### WORK TO BE COMPLETED
Give every line from the entries that contains "أمام".
SUPPLIED DATA START
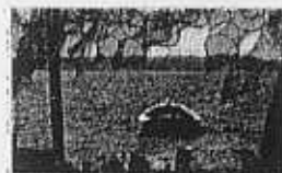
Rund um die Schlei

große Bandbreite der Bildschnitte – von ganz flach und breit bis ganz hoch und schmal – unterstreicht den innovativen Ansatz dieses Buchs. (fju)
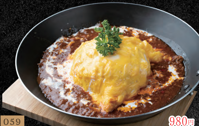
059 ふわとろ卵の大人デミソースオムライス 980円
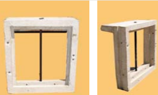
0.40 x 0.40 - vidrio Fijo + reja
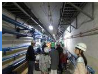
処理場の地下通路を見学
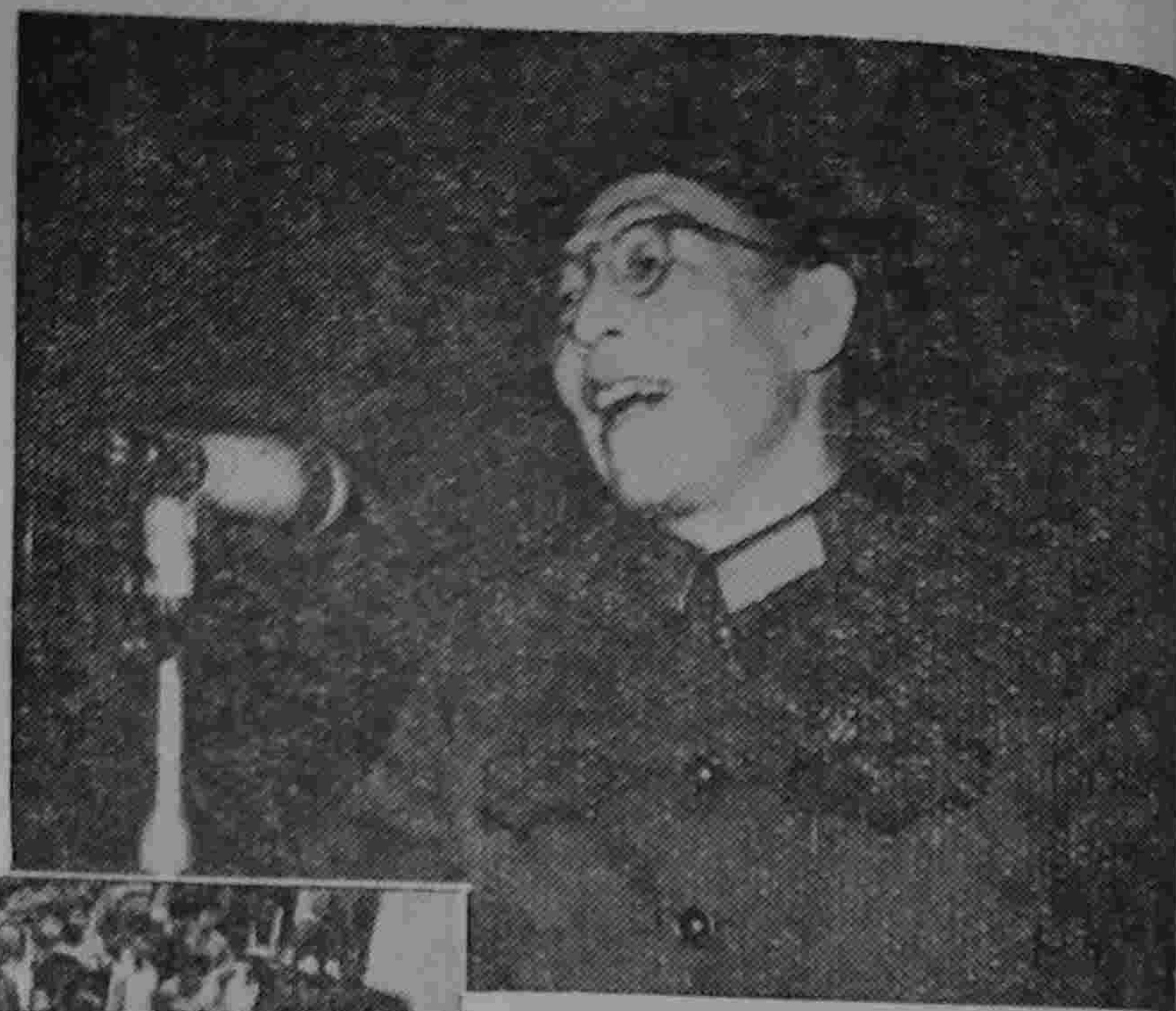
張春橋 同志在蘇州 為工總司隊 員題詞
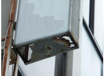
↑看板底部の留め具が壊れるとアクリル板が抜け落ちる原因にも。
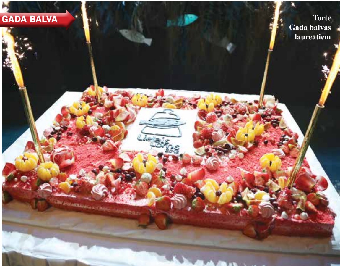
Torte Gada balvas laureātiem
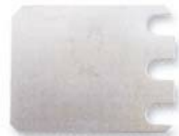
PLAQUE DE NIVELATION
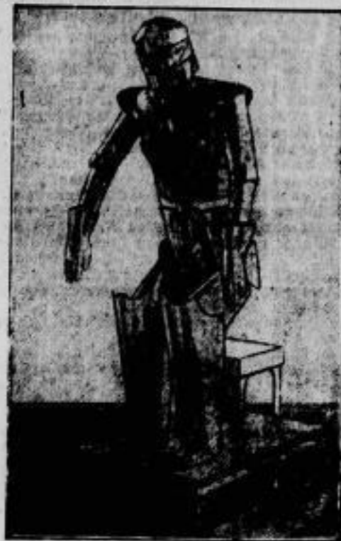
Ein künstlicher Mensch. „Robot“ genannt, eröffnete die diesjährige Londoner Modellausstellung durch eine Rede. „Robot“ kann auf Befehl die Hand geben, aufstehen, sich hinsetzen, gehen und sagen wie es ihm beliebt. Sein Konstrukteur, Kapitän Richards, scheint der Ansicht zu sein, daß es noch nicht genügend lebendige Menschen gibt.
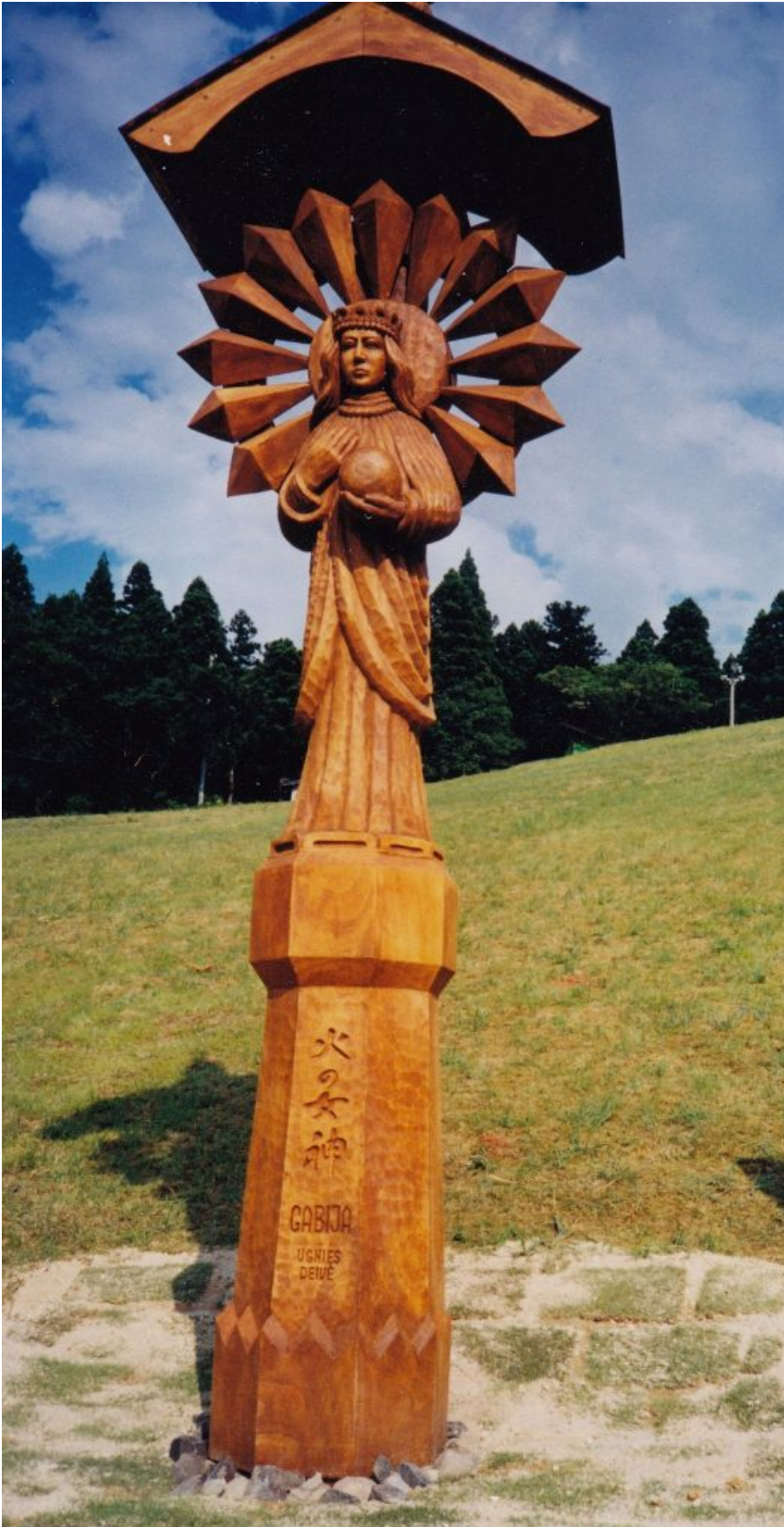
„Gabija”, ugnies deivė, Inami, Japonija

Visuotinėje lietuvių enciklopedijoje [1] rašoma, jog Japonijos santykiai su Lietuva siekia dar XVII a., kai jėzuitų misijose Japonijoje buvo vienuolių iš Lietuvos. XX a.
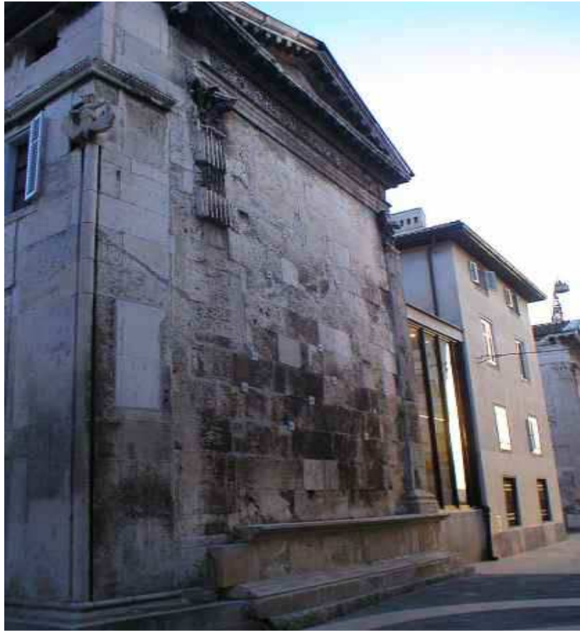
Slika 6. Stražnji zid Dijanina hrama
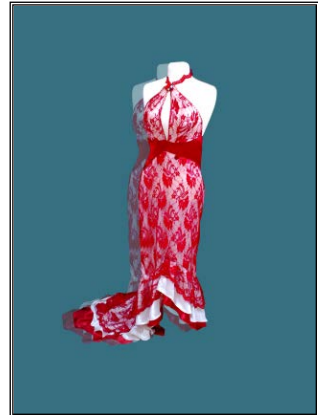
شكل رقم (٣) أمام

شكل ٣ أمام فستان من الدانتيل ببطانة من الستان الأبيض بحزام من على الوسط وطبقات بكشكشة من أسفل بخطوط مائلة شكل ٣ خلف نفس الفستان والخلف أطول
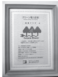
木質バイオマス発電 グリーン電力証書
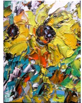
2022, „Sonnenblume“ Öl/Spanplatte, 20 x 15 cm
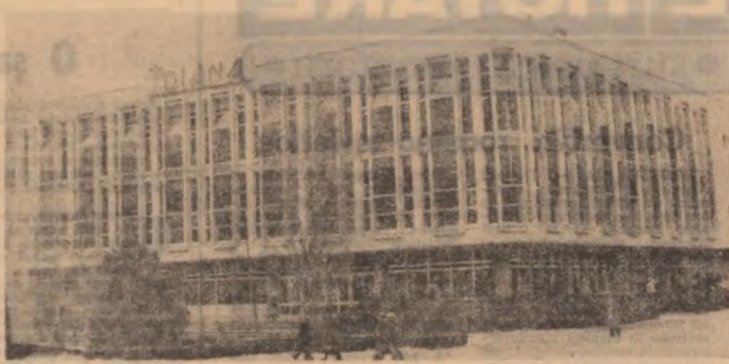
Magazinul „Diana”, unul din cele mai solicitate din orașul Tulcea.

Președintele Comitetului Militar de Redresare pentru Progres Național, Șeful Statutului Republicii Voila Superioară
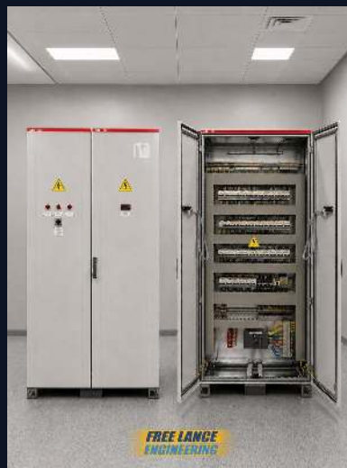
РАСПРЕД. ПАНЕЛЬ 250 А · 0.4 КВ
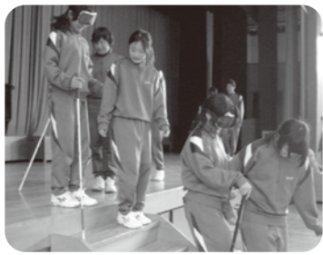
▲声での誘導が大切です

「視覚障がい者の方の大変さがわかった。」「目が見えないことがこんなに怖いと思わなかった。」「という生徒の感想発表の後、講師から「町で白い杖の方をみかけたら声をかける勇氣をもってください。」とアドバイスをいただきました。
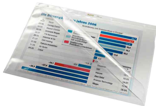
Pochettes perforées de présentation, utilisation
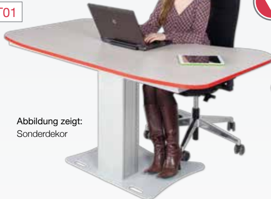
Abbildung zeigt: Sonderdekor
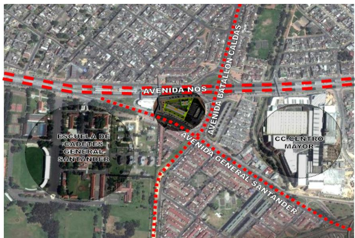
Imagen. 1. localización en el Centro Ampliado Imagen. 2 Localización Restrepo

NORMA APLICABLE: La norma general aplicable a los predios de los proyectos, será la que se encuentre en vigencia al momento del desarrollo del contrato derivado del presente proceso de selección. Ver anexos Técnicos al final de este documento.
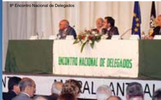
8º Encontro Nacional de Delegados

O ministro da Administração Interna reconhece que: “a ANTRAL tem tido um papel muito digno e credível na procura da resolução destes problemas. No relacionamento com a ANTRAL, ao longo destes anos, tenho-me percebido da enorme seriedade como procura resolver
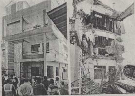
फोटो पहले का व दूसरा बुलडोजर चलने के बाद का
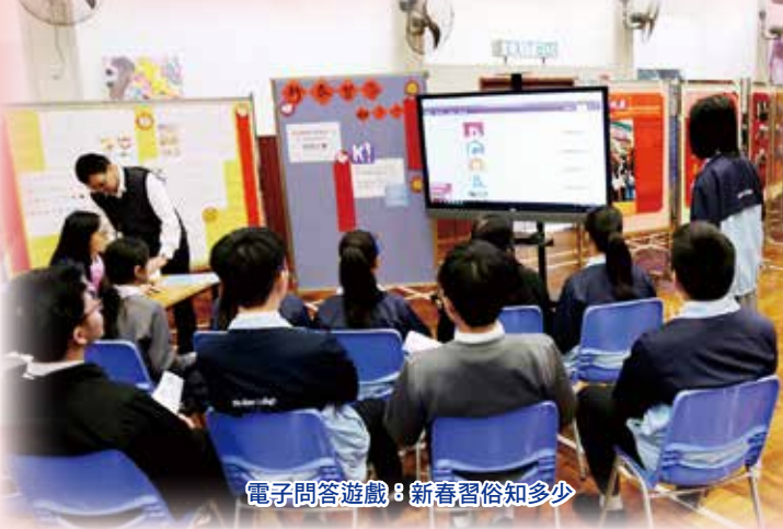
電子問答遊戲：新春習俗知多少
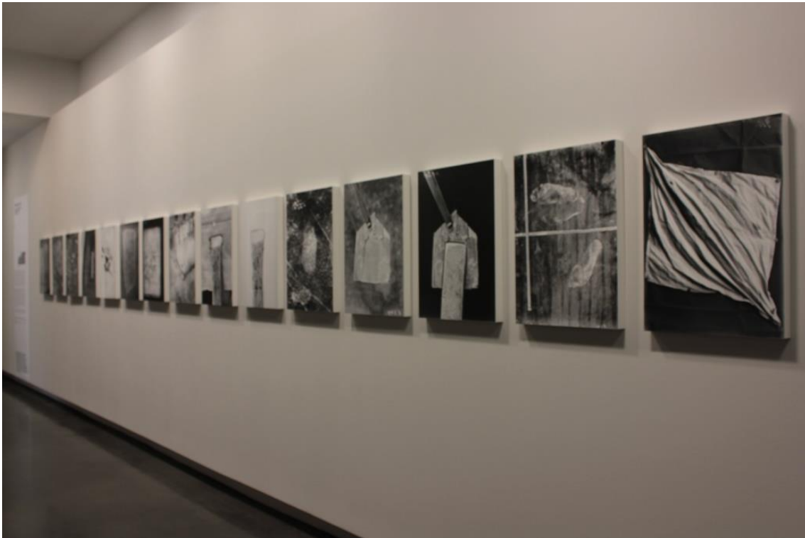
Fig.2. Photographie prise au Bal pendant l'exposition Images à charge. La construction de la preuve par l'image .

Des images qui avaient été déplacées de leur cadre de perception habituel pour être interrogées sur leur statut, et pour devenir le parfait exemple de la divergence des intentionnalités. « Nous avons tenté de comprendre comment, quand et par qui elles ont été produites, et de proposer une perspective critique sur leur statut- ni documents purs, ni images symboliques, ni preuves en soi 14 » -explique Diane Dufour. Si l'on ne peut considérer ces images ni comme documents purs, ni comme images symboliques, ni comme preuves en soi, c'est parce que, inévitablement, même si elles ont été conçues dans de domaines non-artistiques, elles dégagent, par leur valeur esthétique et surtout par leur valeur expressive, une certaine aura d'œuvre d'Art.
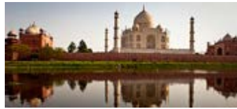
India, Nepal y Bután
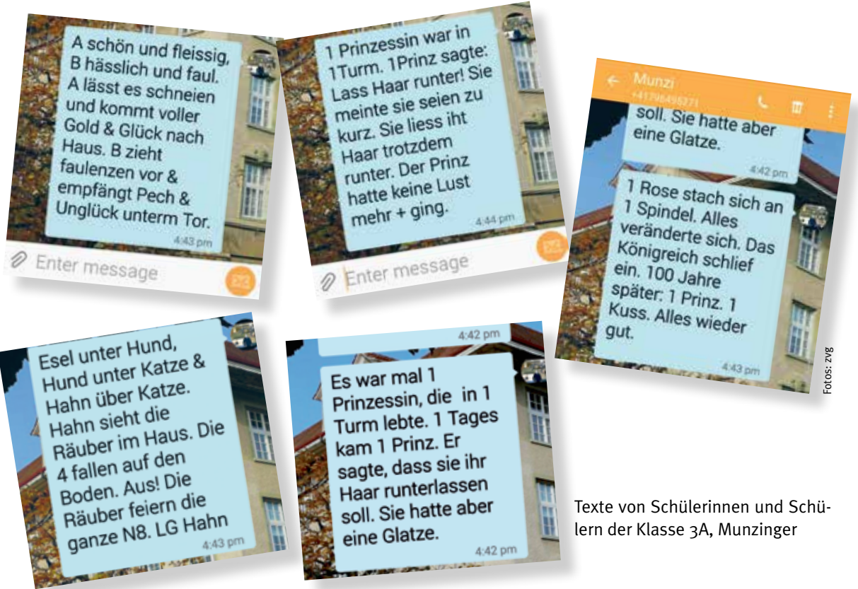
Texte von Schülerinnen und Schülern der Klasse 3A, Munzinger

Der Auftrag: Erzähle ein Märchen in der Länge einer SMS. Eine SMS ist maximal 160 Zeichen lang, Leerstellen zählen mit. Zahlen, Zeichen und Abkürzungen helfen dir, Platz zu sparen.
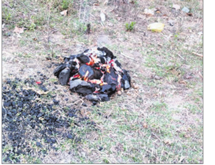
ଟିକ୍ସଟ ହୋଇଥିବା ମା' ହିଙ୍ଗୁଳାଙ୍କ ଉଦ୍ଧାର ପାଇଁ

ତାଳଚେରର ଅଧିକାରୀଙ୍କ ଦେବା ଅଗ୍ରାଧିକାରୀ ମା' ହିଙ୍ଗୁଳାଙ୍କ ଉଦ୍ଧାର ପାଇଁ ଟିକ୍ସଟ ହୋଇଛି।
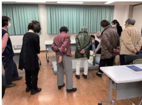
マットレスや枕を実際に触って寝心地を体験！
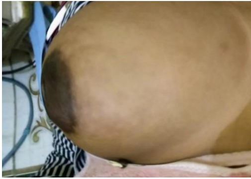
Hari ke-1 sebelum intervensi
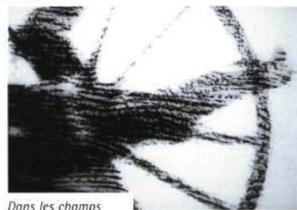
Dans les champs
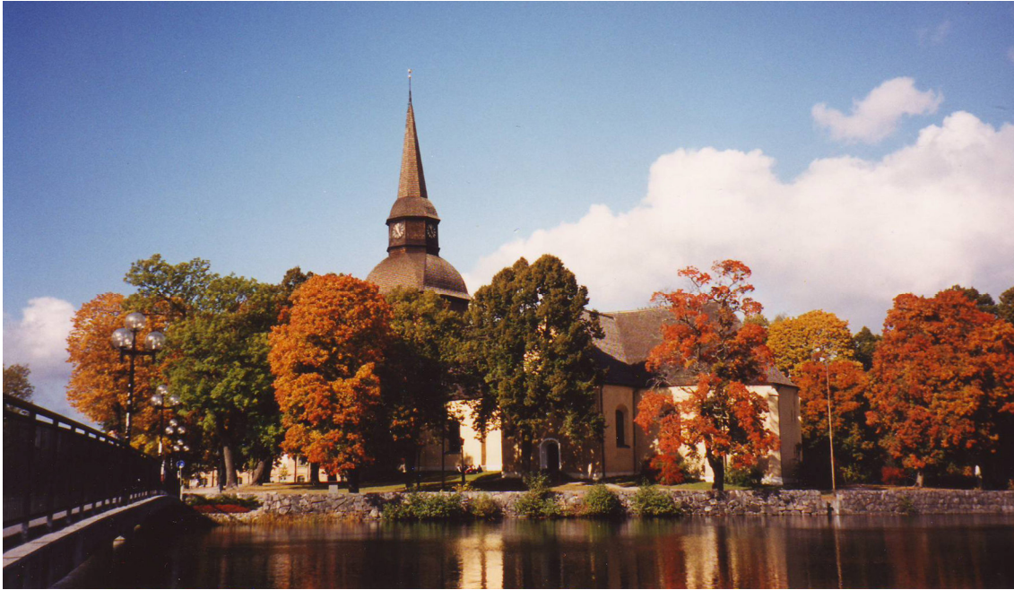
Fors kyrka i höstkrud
SUPPLIED DATA END
### ANSWER BOX
شكل رقم (٣) أمام
شكل ٣ أمام فستان من الدانتيل ببطانة من الستان الأبيض بحزام من على الوسط وطبقات بكشكشة من أسفل بخطوط مائلة شكل ٣ خلف نفس الفستان والخلف أطول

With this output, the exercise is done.